▶ Instructions for the task:
The copy should hold exactly the lines below from the one that contains "5000 pesetas. February" through the one that contains "Vienen estas dos" and nothing else, so no pictures.

--- Task data Enclosed Below ---

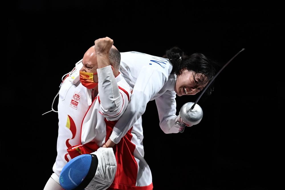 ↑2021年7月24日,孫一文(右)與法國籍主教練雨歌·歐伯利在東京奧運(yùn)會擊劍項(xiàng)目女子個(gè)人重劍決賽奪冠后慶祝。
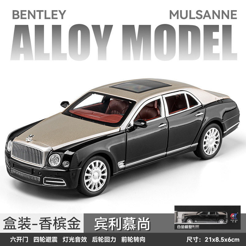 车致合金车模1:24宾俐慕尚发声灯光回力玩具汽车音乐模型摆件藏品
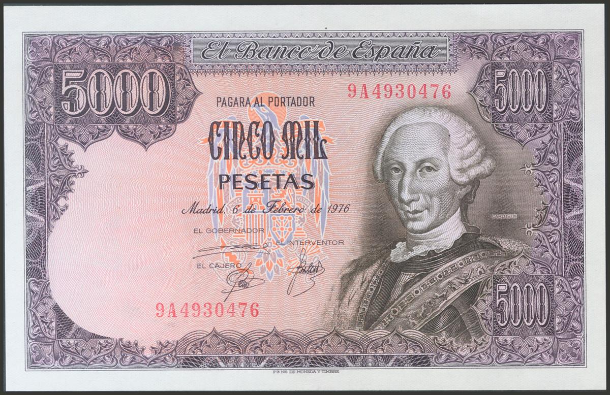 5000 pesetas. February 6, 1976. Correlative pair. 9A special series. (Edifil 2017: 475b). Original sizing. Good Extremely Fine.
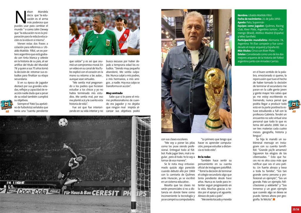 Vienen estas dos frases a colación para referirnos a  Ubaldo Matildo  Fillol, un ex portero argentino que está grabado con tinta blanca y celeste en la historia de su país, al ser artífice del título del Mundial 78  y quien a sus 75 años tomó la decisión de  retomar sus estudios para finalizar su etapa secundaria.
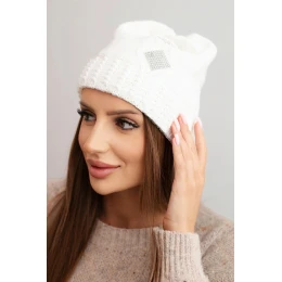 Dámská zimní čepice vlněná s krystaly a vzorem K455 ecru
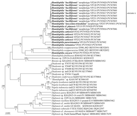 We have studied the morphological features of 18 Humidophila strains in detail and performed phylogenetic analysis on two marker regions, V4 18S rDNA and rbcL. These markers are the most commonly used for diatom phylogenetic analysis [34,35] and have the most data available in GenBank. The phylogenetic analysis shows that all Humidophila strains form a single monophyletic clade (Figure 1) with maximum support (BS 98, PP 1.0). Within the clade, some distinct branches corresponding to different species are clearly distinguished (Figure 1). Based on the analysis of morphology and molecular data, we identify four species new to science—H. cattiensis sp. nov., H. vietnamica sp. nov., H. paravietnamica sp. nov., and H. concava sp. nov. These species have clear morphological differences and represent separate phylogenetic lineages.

--- End of Enclosed Task data ---

▶ Response:
 5000 pesetas. February 6, 1976. Correlative pair. 9A special series. (Edifil 2017: 475b). Original sizing. Good Extremely Fine.
 Vienen estas dos frases a colación para referirnos a  Ubaldo Matildo  Fillol, un ex portero argentino que está grabado con tinta blanca y celeste en la historia de su país, al ser artífice del título del Mundial 78  y quien a sus 75 años tomó la decisión de  retomar sus estudios para finalizar su etapa secundaria.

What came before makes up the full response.